Highly pathogenic H7N3 avian influenza has been detected in a commercial poultry operation in Saskatchewan, the Canadian Food Inspection Agency (CFIA) announced. This virus is not the same as the strain circulating in Asia, Africa and Europe, which has been associated with human illness.
H7N3 is not normally associated with serious human illness.
Avian influenza viruses do not pose risks to food safety when poultry and poultry products are properly handled and cooked. In this case, the affected birds were not destined for immediate slaughter and were not producing eggs for human consumption.

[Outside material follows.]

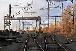 Leipzig-Wahren station did not receive a central signal box, only a signal box at its exit with a track-diagram relay interlocking of the GS II DR type. Also, colour-light signals were not installed throughout the station and were essentially only used as entry signals and on the passenger tracks. Electrodynamic track brakes were installed on the marshalling-yard hump.

All birds on the infected premises will be humanely euthanized and disposed of in accordance with provincial regulations and internationally accepted disease control guidelines. Normally, birds on any commercial operations within one kilometre of an infected premises would also be destroyed, but early information indicates that no such operations are present in the immediate area.
Once all birds have been removed, the CFIA will oversee the cleaning and disinfection of the barns, vehicles, equipment and tools to eliminate any infectious material that may remain.

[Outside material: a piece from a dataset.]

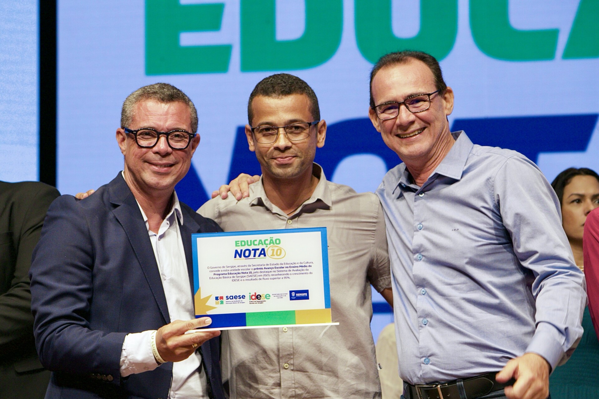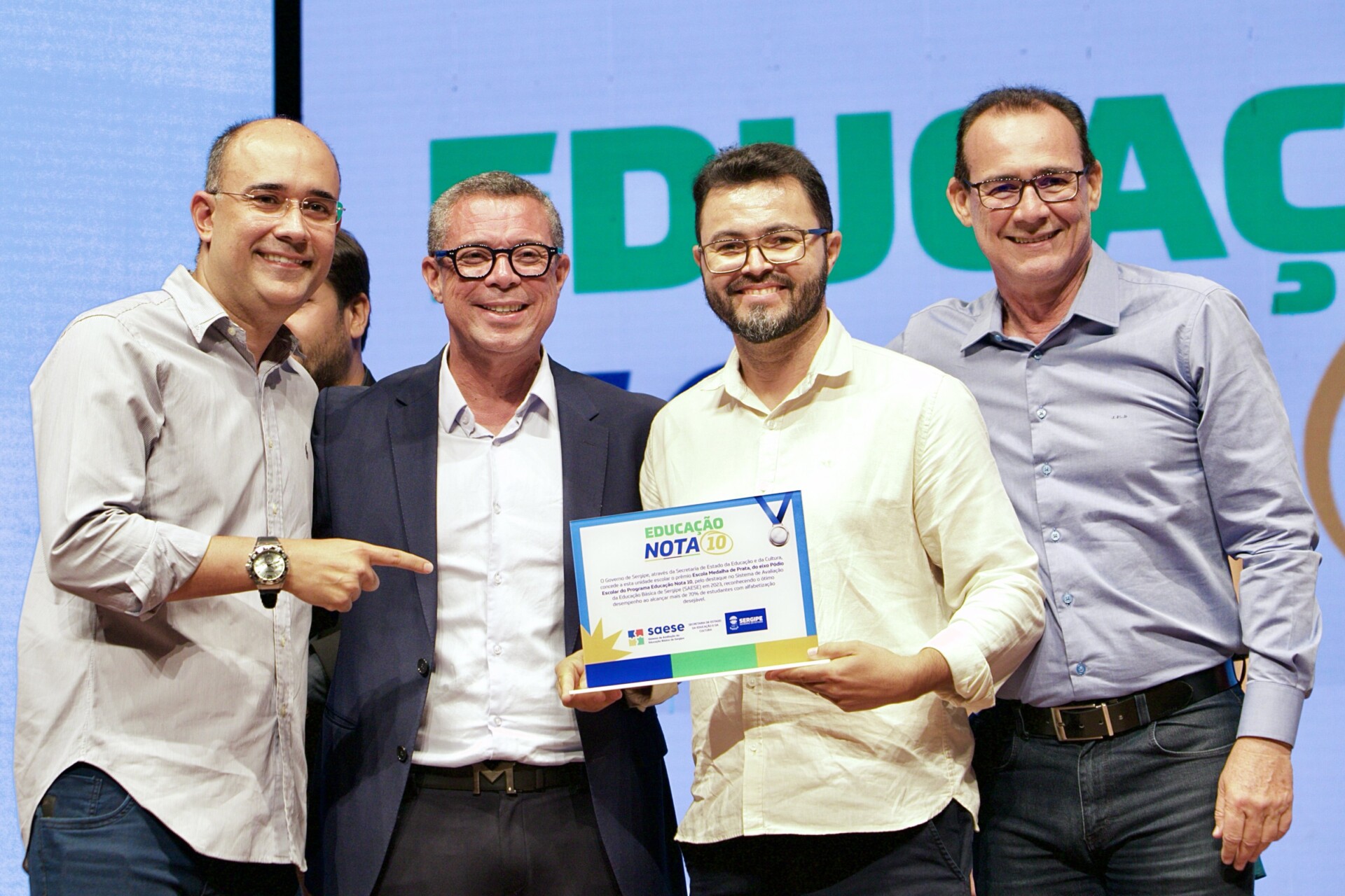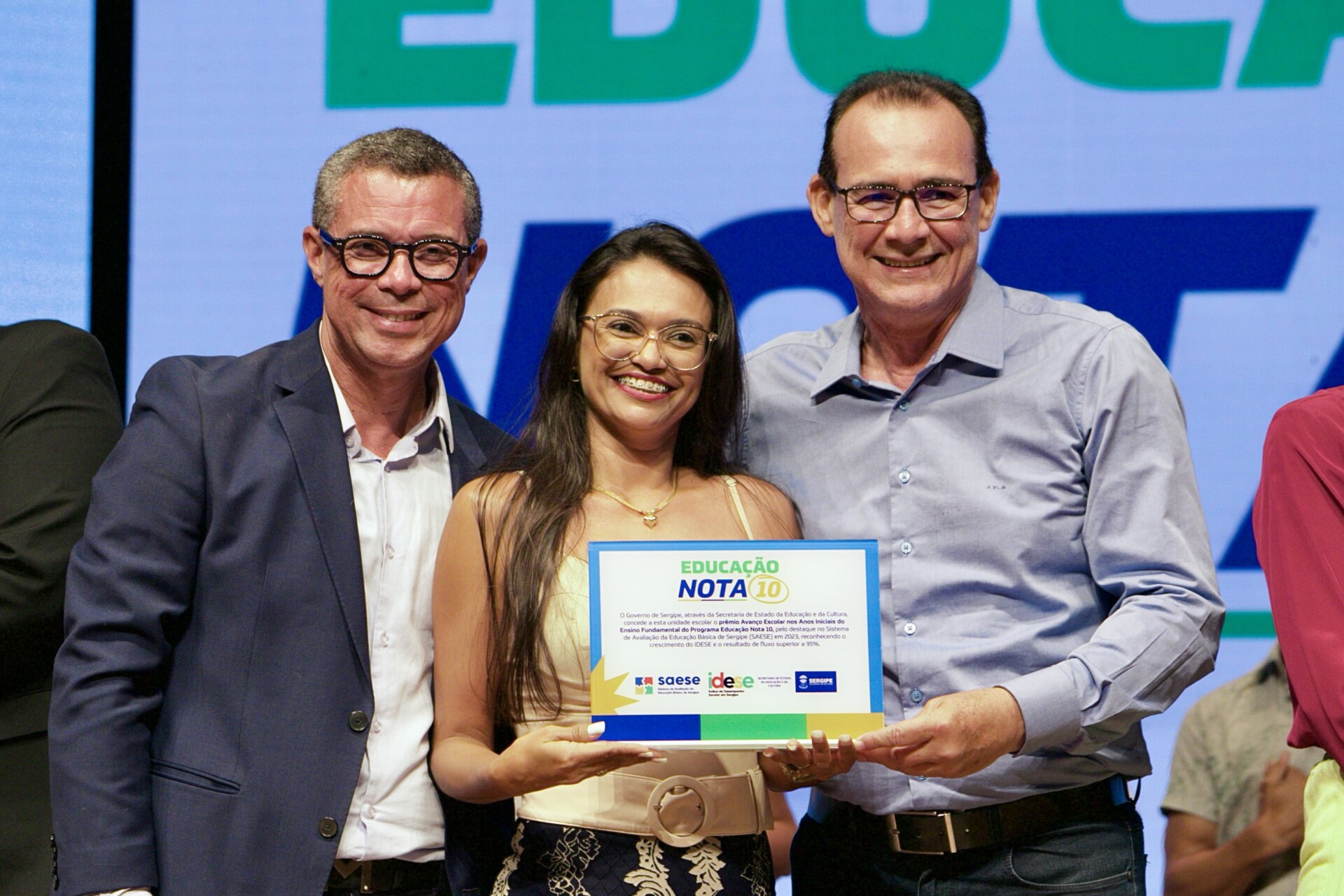 O Programa Educação Nota 10 contempla professores e servidores com base no desempenho obtido pelas escolas e Diretorias de Educação no Sistema de Avaliação da Educação Básica de Sergipe (Saese). Neste ano, foram premiadas as escolas nos eixos Pódio e Avanço Escolar, em quatro etapas: alfabetização, para professores 1º e 2º anos do ensino fundamental e equipe diretiva; anos iniciais do ensino fundamental; anos finais do ensino fundamental; e ensino médio, sendo todas destinadas aos professores e servidores da escola premiada.

To limit any potential virus spread, the CFIA will apply restrictions on the movement of poultry and poultry products within three kilometres of the infected premises. As an additional safeguard, any poultry operations within ten kilometres of the infected premises will be closely and regularly monitored for signs of illness.

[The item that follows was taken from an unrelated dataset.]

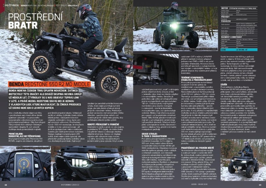 Benda není na českém trhu úplným nováčkem. Zatímco motocykly této značky ale dováží skupina Nevima Group už několik let, čtyřkolky se u nás objevily teprve loni v létě. A právě model Redstone 550 R2 MD je jednou z vlajkových lodí, které mají ukázat, že čínská produkce už dávno není jen o levných kopiích.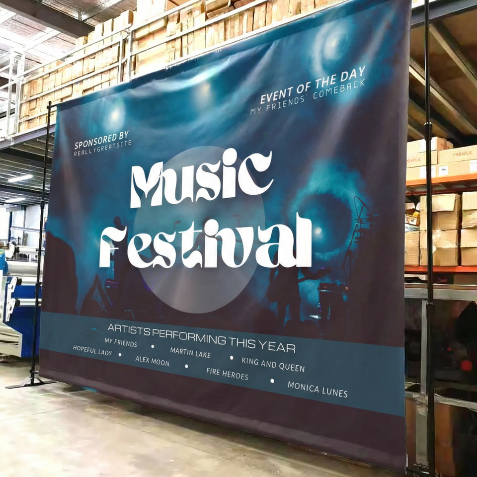 Grande bannière flexible, taille personnalisée, impression UV, toile de fond d'événement, usine d'impression au Vietnam

The CFIA is investigating the recent movement of birds, bird products and equipment onto and off of the property. Through this activity, additional cases of infection may be detected.
The CFIA’s actions are consistent with internationally recognized animal health guidelines and the CFIA’s established avian influenza response protocols.
It may be difficult to identify the source of the virus, but the possibility of exposure to wild waterfowl-which are the natural hosts for the virus-cannot be discounted. Poultry owners are urged to take an active role in protecting their flocks by keeping them away from wild birds and areas frequented by wild birds.
Under the Health of Animals Act, the CFIA has authority to compensate producers for animals ordered destroyed during disease responses. The producer might also be eligible for assistance under other Government of Canada or provincial programs.
The Province of Saskatchewan and industry are actively collaborating in this response effort. The CFIA wishes to acknowledge the responsible actions of the owner, who reported signs of illness at the earliest possible moment. This commitment to animal health protection has maximized the Agency’s ability to contain and eliminate this situation as quickly as possible.
New information emerging from the CFIA’s activities will be provided to the public as it becomes available.